Another track worth mentioning from the opening of Aquarius is Taiguara’s 1968 ballad Hoje, which plays over the opening montage of photos from Boa Viagem’s history, emerging from the mangroves to become the Miami Beach of northeast Brazil. [Hot tip for any would-be visitors to Recife – avoid the tourist-saturated Boa Viagem and head to Pina, at the north-end of the same beach].

Conjunto Concerto Viola – Retiro: Tema de Amor Número 3 (1974)

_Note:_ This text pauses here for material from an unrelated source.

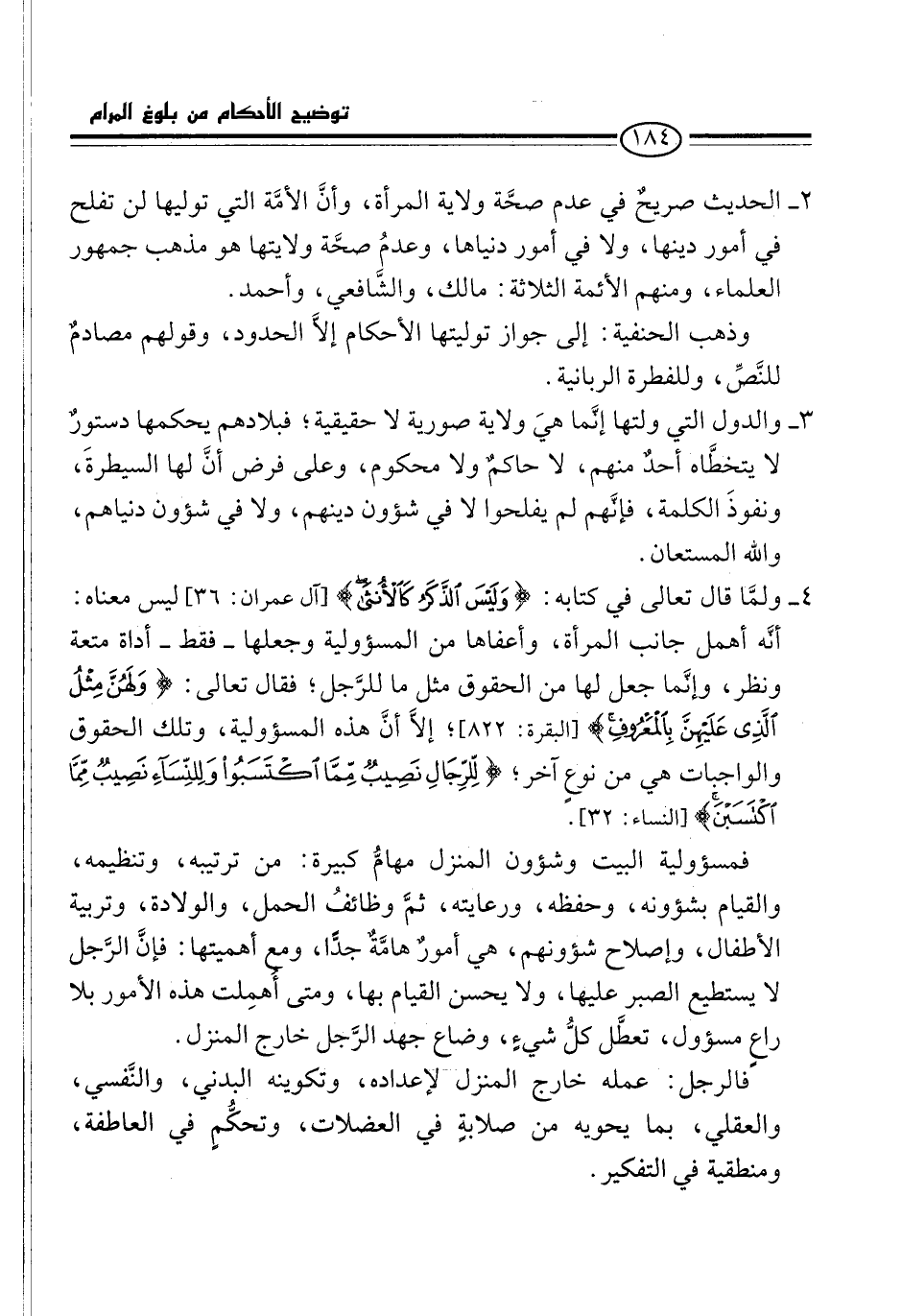 4 - ولمَّا قال تعالى في كتابه: {وَلَيْسَ الذَّكَرُ كَالْأُنْثَى} [آل عمران: 36] ليس معناه: أنَّه أهمل جانب المرأة، وأعفاها من المسؤولية وجعلها -فقط- أداة متعة ونظر، وإنَّما جعل لها من الحقوق مثل ما للرَّجل؛ فقال تعالى: {وَلَهُنَّ مِثْلُ الَّذِي عَلَيْهِنَّ بِالْمَعْرُوفِ} [البقرة: 228]؛ إلاَّ أنَّ هذه المسؤولية، وتلك الحقوق والواجبات هي من نوعٍ آخر؛ {لِلرِّجَالِ نَصِيبٌ مِمَّا اكْتَسَبُوا وَلِلنِّسَاءِ نَصِيبٌ مِمَّا اكْتَسَبْنَ} [النساء: 32].

Released in 1974, Retiro: Tema de Amor Número 3 is a wistful ballad about a beachside house with ‘palm trees, and a hammock for us to set up’, but as with other tracks in Kleber’s movies, its choice is symbolic – soundtracking the moment in O Agente Secreto when Marcelo, the protagonist, is establishing his new life in Zeza’s (the niece of Dona Sebastiana) fully-furnished apartment.

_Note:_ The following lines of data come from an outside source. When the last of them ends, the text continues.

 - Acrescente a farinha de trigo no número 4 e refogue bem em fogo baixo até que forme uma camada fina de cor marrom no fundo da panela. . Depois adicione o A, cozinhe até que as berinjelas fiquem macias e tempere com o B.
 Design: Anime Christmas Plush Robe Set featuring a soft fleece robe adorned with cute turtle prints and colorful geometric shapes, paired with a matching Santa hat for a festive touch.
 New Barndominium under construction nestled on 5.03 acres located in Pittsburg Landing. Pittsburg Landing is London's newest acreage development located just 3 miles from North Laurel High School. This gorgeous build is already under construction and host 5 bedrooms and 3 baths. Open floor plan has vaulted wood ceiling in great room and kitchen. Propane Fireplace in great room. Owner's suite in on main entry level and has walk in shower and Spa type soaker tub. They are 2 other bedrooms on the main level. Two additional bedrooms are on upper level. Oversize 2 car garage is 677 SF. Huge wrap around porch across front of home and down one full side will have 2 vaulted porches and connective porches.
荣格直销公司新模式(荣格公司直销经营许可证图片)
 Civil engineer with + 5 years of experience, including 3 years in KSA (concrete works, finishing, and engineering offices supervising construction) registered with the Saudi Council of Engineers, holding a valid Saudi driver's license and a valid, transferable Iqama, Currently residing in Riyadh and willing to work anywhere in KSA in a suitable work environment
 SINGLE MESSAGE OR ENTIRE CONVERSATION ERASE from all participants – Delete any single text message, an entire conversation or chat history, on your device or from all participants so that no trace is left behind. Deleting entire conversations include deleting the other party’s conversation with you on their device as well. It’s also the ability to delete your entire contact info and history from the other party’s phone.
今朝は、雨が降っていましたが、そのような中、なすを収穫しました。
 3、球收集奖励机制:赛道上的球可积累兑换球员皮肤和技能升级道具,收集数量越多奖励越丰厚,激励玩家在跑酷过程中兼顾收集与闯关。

As the film unfolds, we learn not only Zeza’s fate but also that the peace Marcelo longs for is ultimately unattainable, casting the song’s idyllic sentiment in a dreamlike light.

Banda de Pífanos de Caruaru  – A Briga do Cachorro com a Onça (1979)

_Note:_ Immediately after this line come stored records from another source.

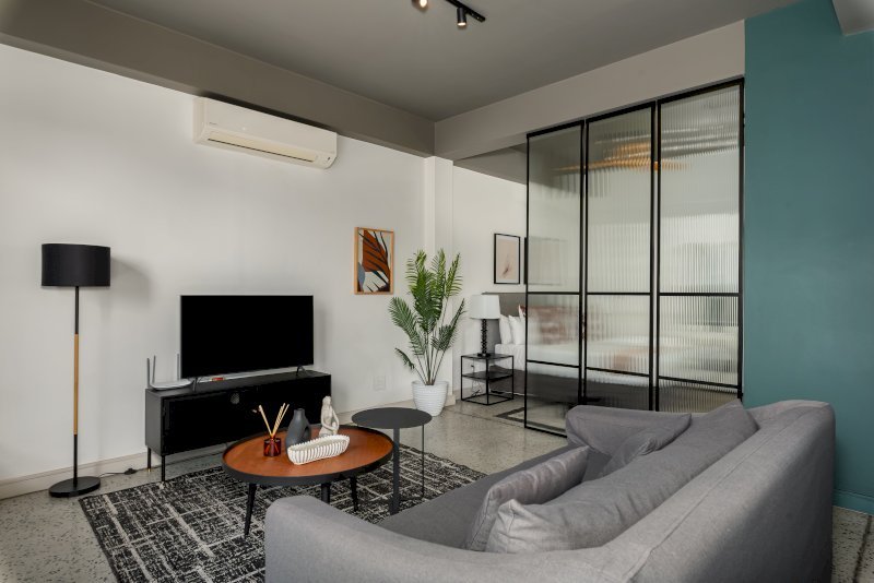 Natural light enhances the living space, while the fully equipped kitchen integrates seamlessly with the lounge area, creating an easy flow for everyday living. The bedroom provides a calm and private retreat, completing a residence that is both practical and refined.
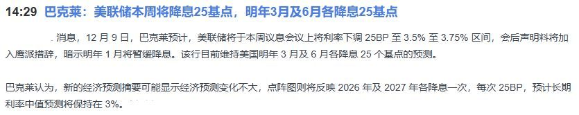 Did you see the messages just now? Wall Street giant Barclays has announced that the Federal Reserve will cut interest rates this week, and may continue to do so in March and June next year. For us in the crypto space, this is like a fire in winter, and in the long run, it's a warm breeze. The expectation of money flowing out of traditional markets has become stronger, which gives us confidence. However! It also stated that the Federal Reserve might 'say some tough words', hinting that there may not be a rate cut in January. This means the market will be tangled in the short term, and the行情 will easily fluctuate, creating a thrill.
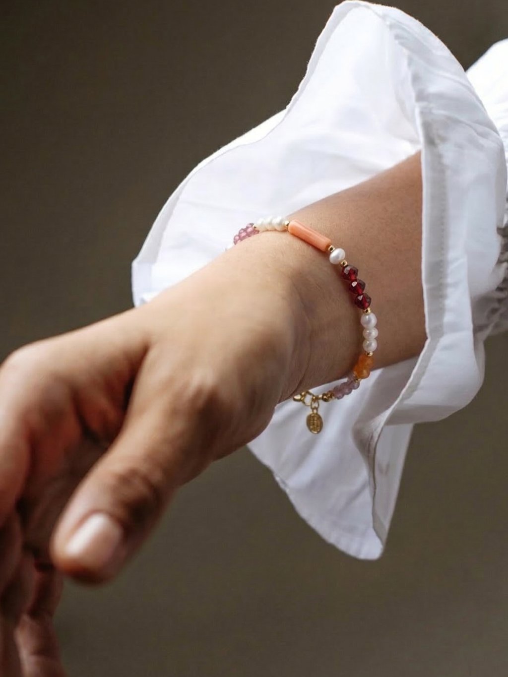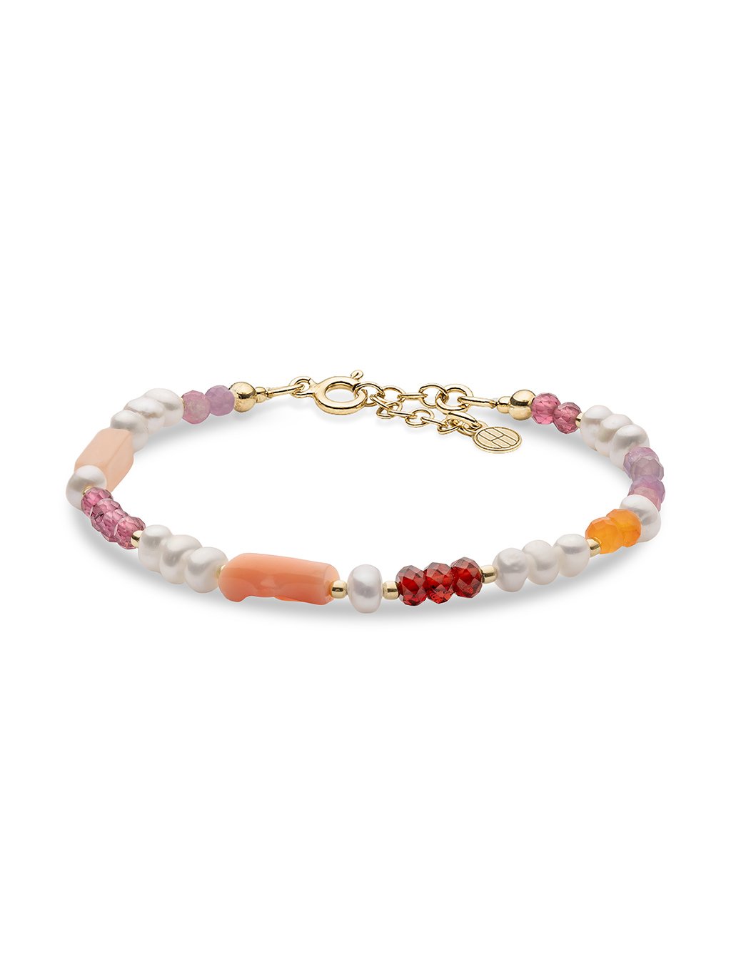 Příběh a popis šperkuNáramek z perel a barevných drahých kamenů poskládaný jako malá sbírka tvarů a odstínů. Náramek Camellia je šperk inspirovaný radostí z barev a spontánností.
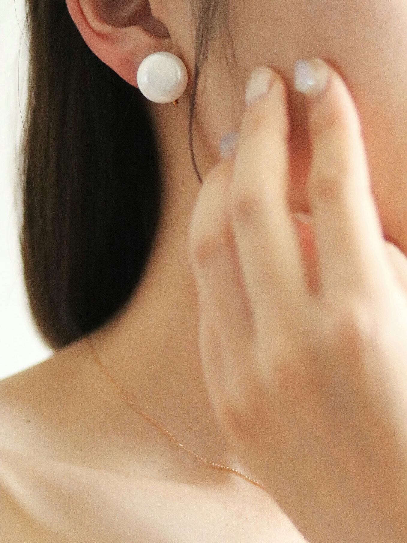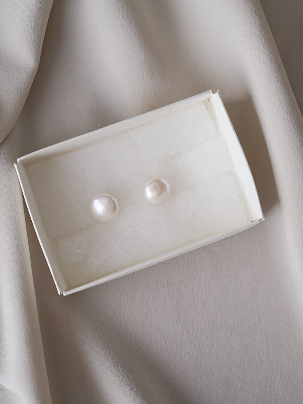 つるんと丸みを帯びた愛らしいフォルムが魅力の、ボタン型天然パール。
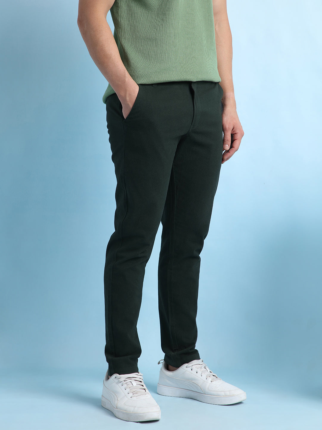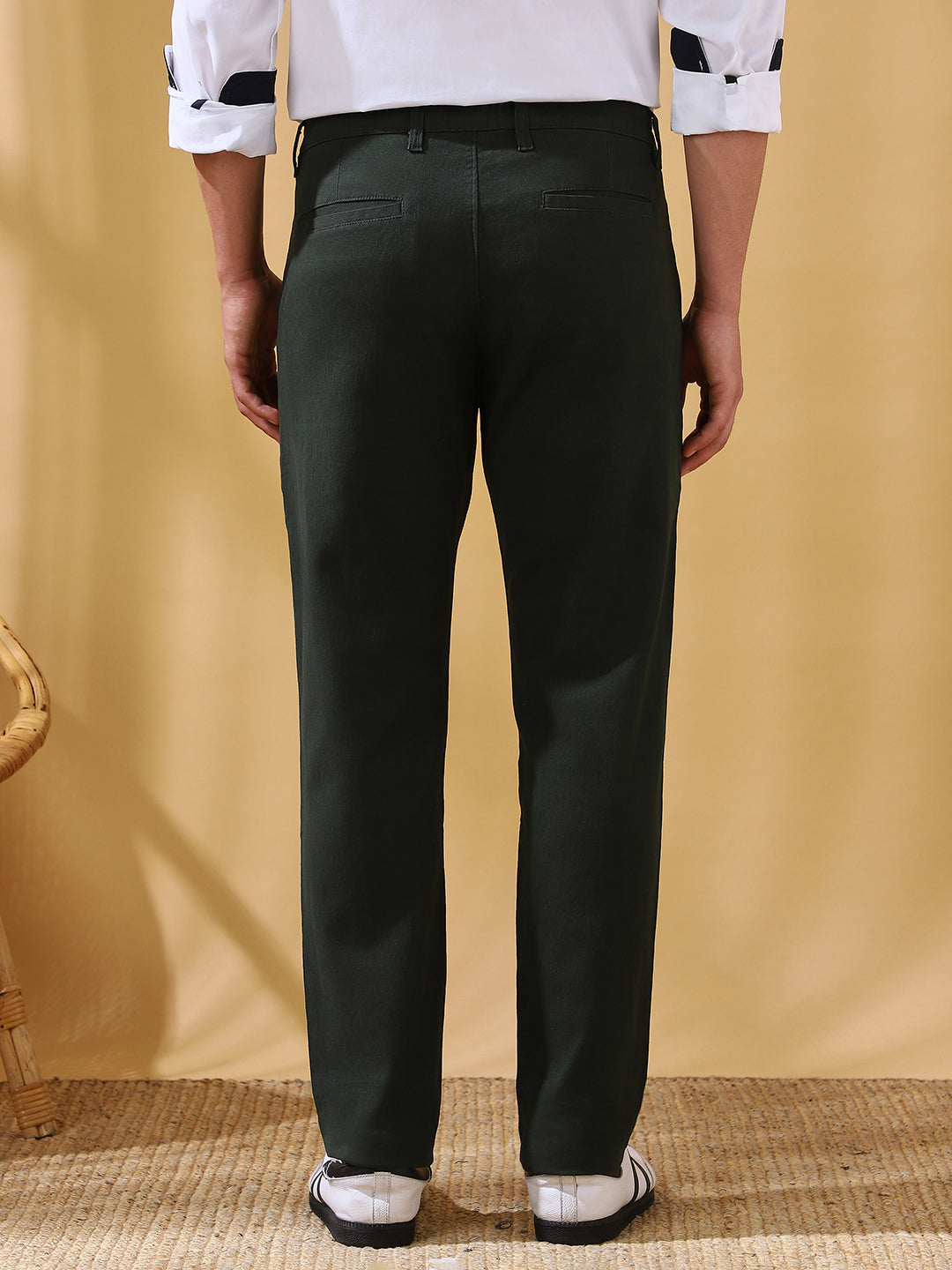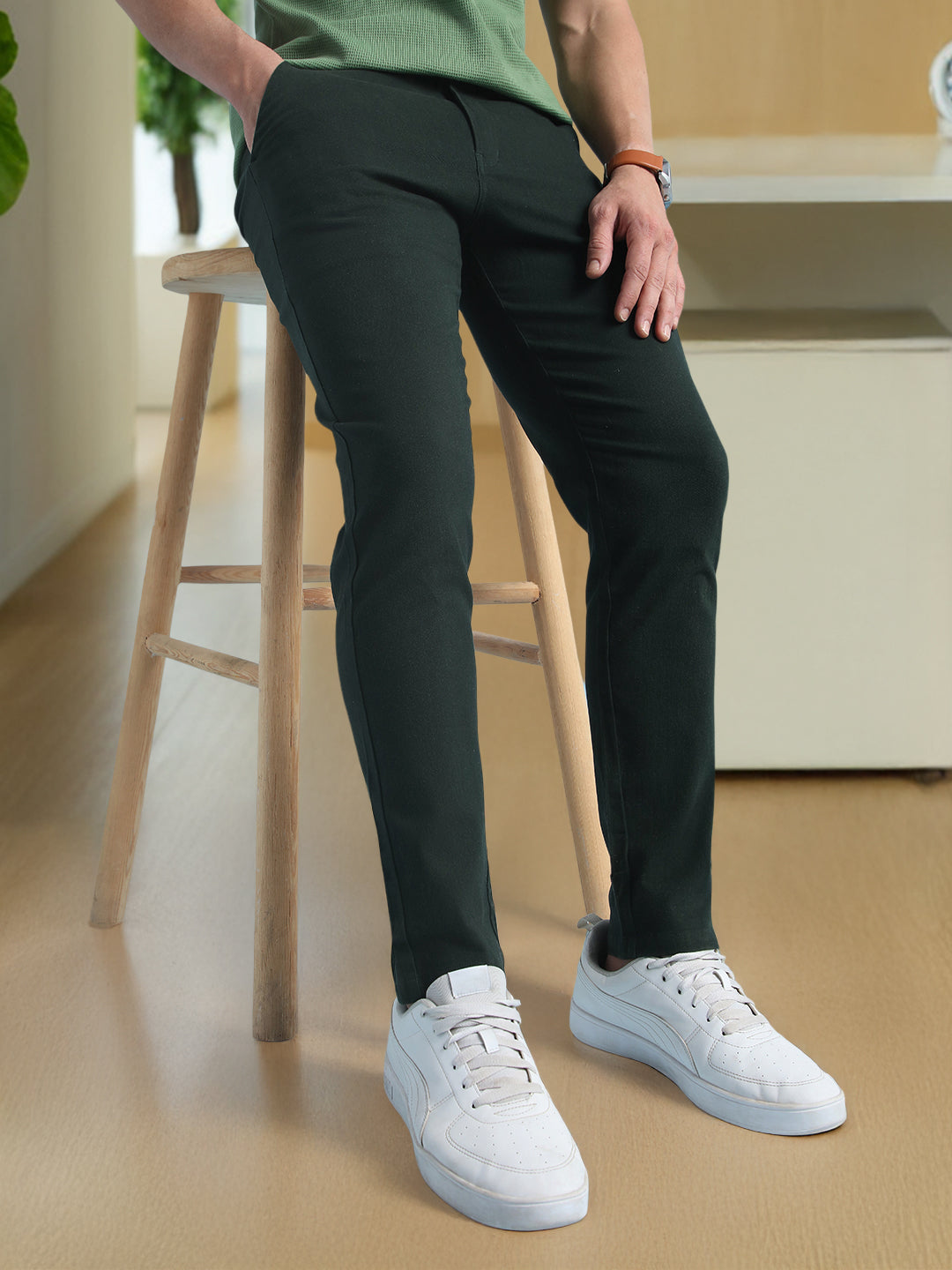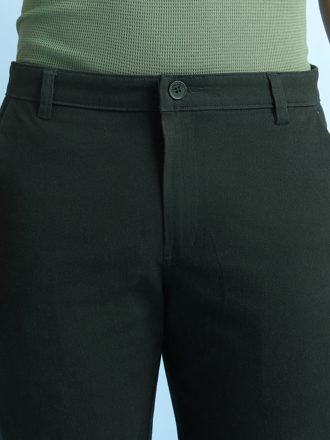 Men's Sage Green Cotton Lycra Solid Stretchable Relaxed fit Cargo Trousers

I’ve seen O Agente Secreto three times now, and this track still gives me goosebumps. A Briga Do Cachorro Com A Onça, which translates as ‘a fight between a dog and a jaguar’, so perfectly accompanies the film’s denouement (a chase scene through Recife’s old town) that I can’t help but think that Kleber wrote the scene around the track, rather than the other way around.

Banda de Pífanos de Caruaru was founded in 1924, but it was not until the 1970s that the group – then comprised of sons and nephews of the original founders – put the group’s unique blend of pifano (a flute-like instrument, similar to a piccolo) and drums on vinyl. The version of A Briga Do Cachorro Com A Onça that appears in O Agente Secreto was taken from their self-titled 1979 album.

O Agente Secreto is out now in cinemas.